Task brief
In the material below, the line holding "大家好,小问来为大家解答以上" and every line after it should be reproduced exactly, please, with pictures omitted.

Records shown
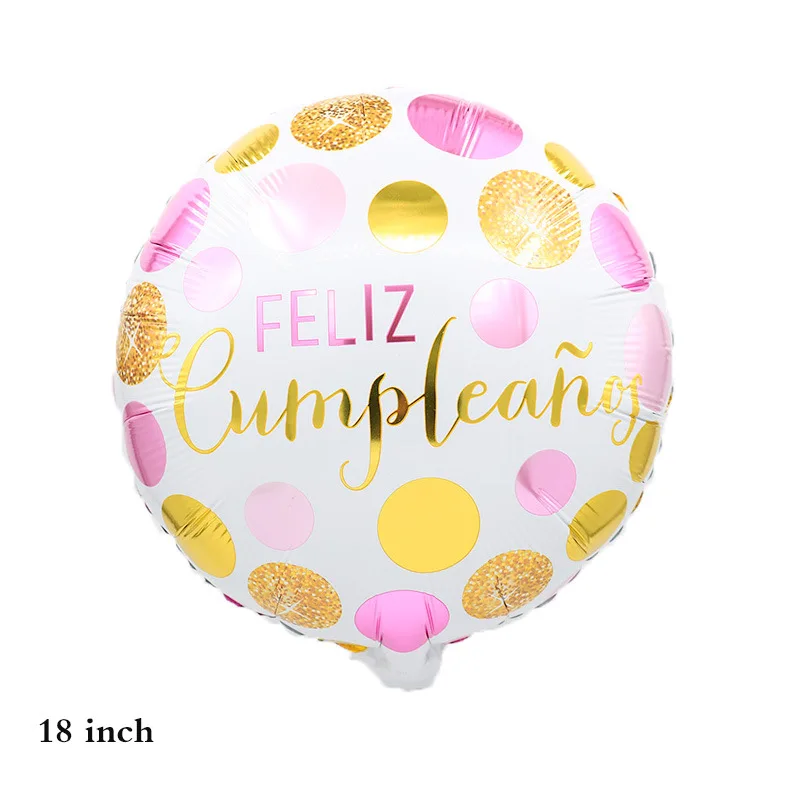 18 Inch Spanish Feliz Cumpleanos /Dia Happy Birthday Pattern Globos Party Decoration Foil Balloons
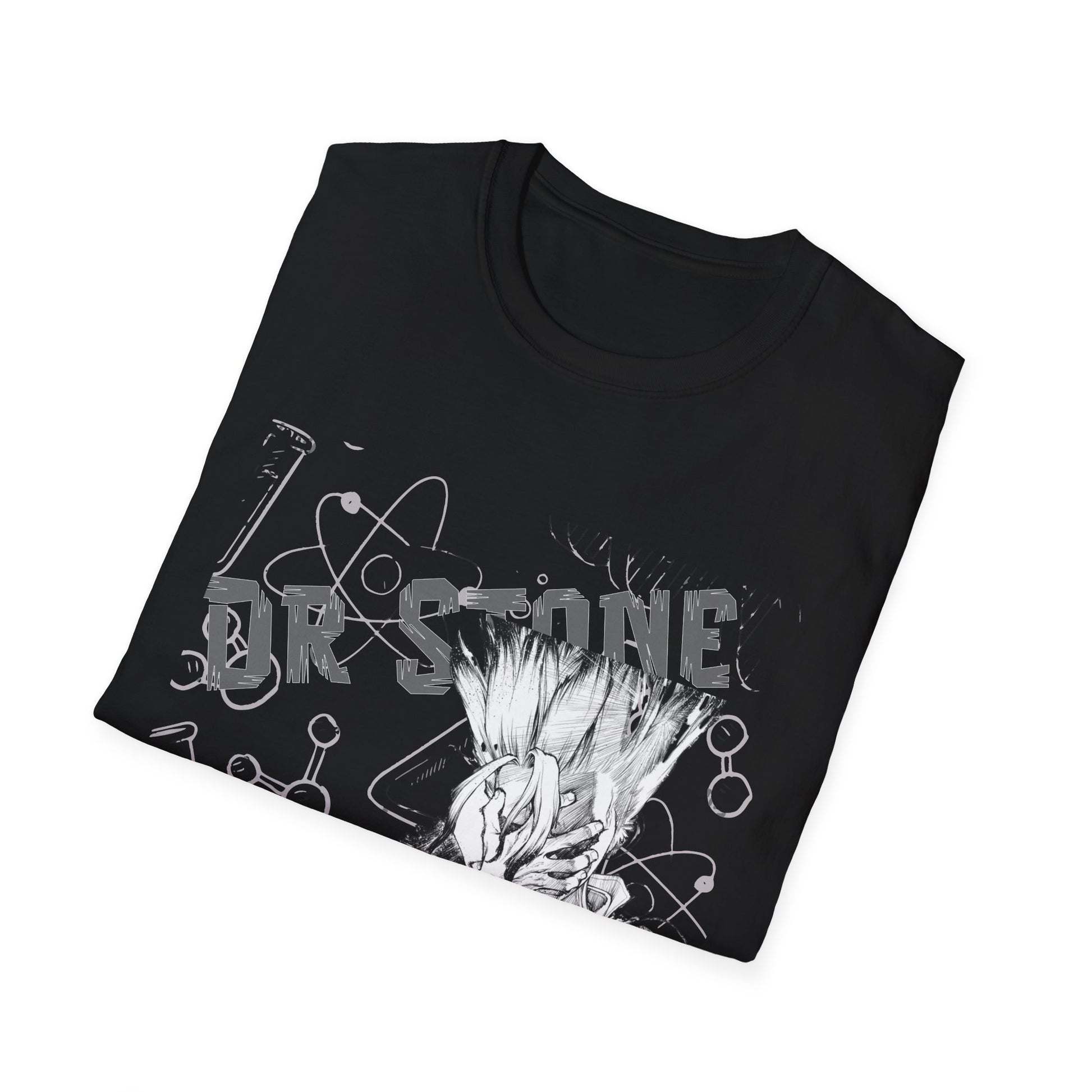 This tee carries a mood — dark, scientific, and quietly defiant. A monochrome collage of lab glassware, molecular sketches, and a clenched-gloved hand forms a gritty, almost cinematic centerpiece across the chest. Lightweight ring-spun cotton drapes easily and breathes, so the design reads like part of you whether you're wandering city streets, sketching in a late-night lab, or layering under a jacket for shows. The crew neck and classic cut keep the silhouette clean while the tear-away label and stitched shoulder tape make it comfortable enough to reach for again and again. Wear it when you want an understated, intellectual edge — a graphic that speaks to curiosity, craft, and late-night focus without shouting for attention.
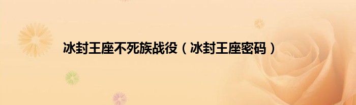 大家好,小问来为大家解答以上问题。冰封王座不死族战役,冰封王座密码这个很多人还不知道,现在让我们一起来看看吧!
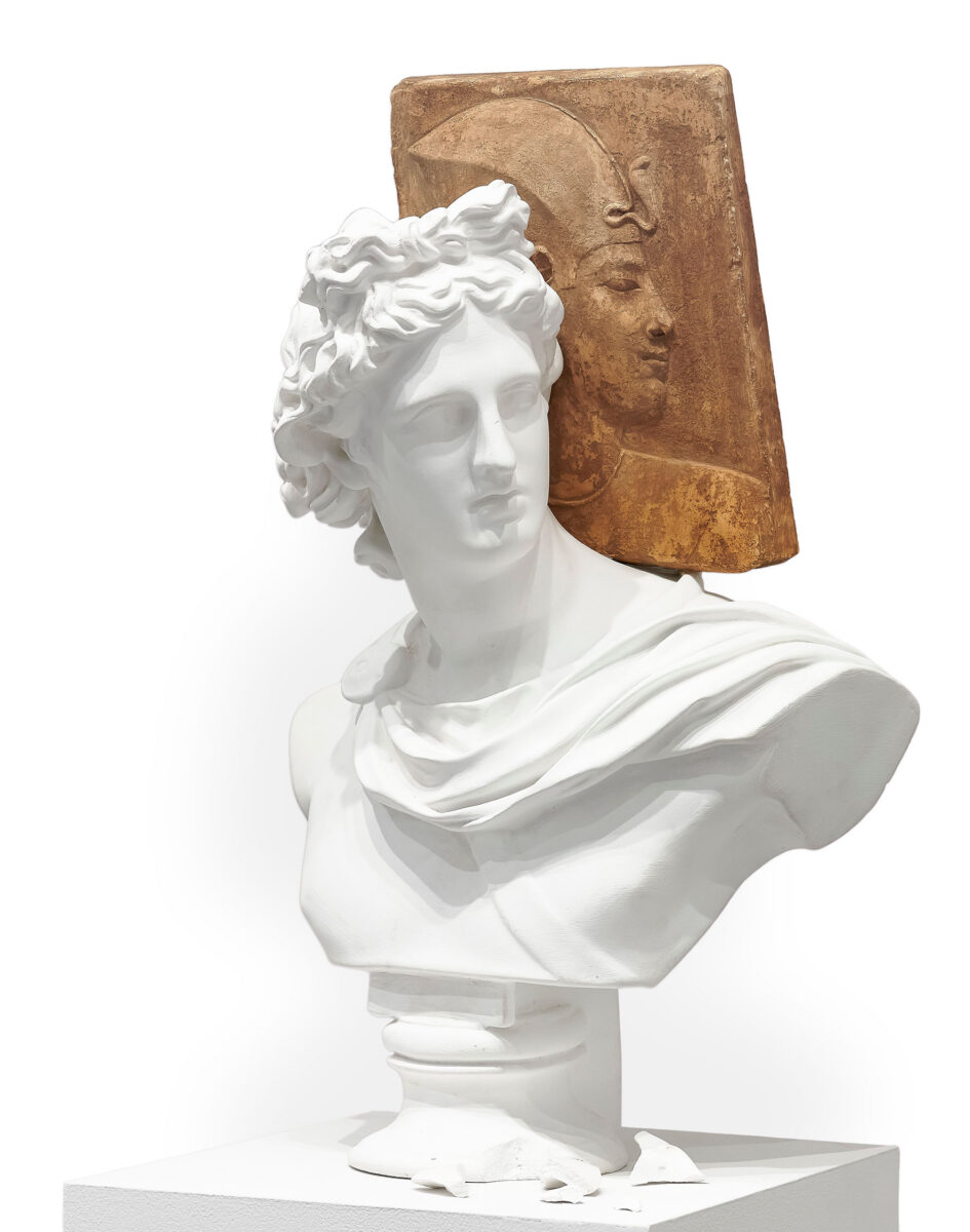The untitled piece currently on view situates, together, a plaster bust reproduction of the Apollo Belvedere (a 2nd century A.D. Roman copy of a 3rd century B.C. Greek original that depicts the deity) with a plaster cast reproduction of a low relief image of what is most likely a Pharaoh from around 400-200 B.C. Key to Wilson’s work is not only the juxtaposition of sculptures of these two figures from different cultures, but also the continually changing reception of and knowledge about both figures. The art historian Kenneth Clark (1903–1983) once remarked about the Apollo Belvedere sculpture (on permanent view at the Vatican), “…for four hundred years after it was discovered, the Apollo was the most admired piece of sculpture in the world. It was Napoleon’s greatest boast to have looted it from the Vatican. Now it is completely forgotten except by the guides of coach parties, who have become the only surviving transmitters of traditional culture.” Meanwhile, the plaque-like form that Wilson chose to juxtapose the Apollo with is of a type that is still rather mysterious to historians in terms of its use as it is a roughly formed, small-scale object whose subject, while most likely a Pharaoh or demi-god, is not defintively known.
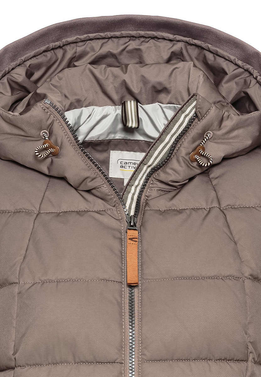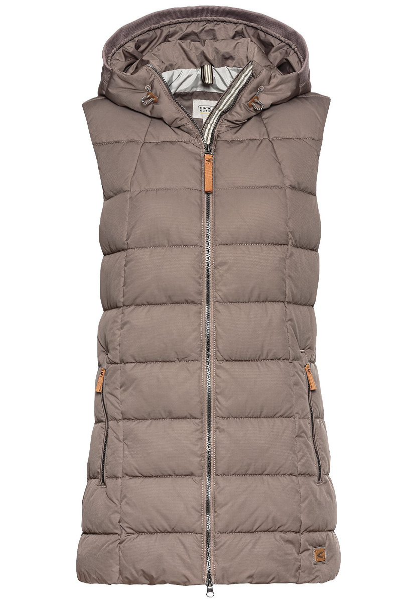 Lange Damenweste aus Polyester/Polyamid-Mix, wasserabweisend, winddicht und daunenfrei. Mit fester Kapuze mit Strickdetail, 2-Wege-Reißverschluss und camel active Markenlabel. Perfekt für Herbst- und Wintertage.

Answer to the problem
 大家好,小问来为大家解答以上问题。冰封王座不死族战役,冰封王座密码这个很多人还不知道,现在让我们一起来看看吧!
The untitled piece currently on view situates, together, a plaster bust reproduction of the Apollo Belvedere (a 2nd century A.D. Roman copy of a 3rd century B.C. Greek original that depicts the deity) with a plaster cast reproduction of a low relief image of what is most likely a Pharaoh from around 400-200 B.C. Key to Wilson’s work is not only the juxtaposition of sculptures of these two figures from different cultures, but also the continually changing reception of and knowledge about both figures. The art historian Kenneth Clark (1903–1983) once remarked about the Apollo Belvedere sculpture (on permanent view at the Vatican), “…for four hundred years after it was discovered, the Apollo was the most admired piece of sculpture in the world. It was Napoleon’s greatest boast to have looted it from the Vatican. Now it is completely forgotten except by the guides of coach parties, who have become the only surviving transmitters of traditional culture.” Meanwhile, the plaque-like form that Wilson chose to juxtapose the Apollo with is of a type that is still rather mysterious to historians in terms of its use as it is a roughly formed, small-scale object whose subject, while most likely a Pharaoh or demi-god, is not defintively known.
 Lange Damenweste aus Polyester/Polyamid-Mix, wasserabweisend, winddicht und daunenfrei. Mit fester Kapuze mit Strickdetail, 2-Wege-Reißverschluss und camel active Markenlabel. Perfekt für Herbst- und Wintertage.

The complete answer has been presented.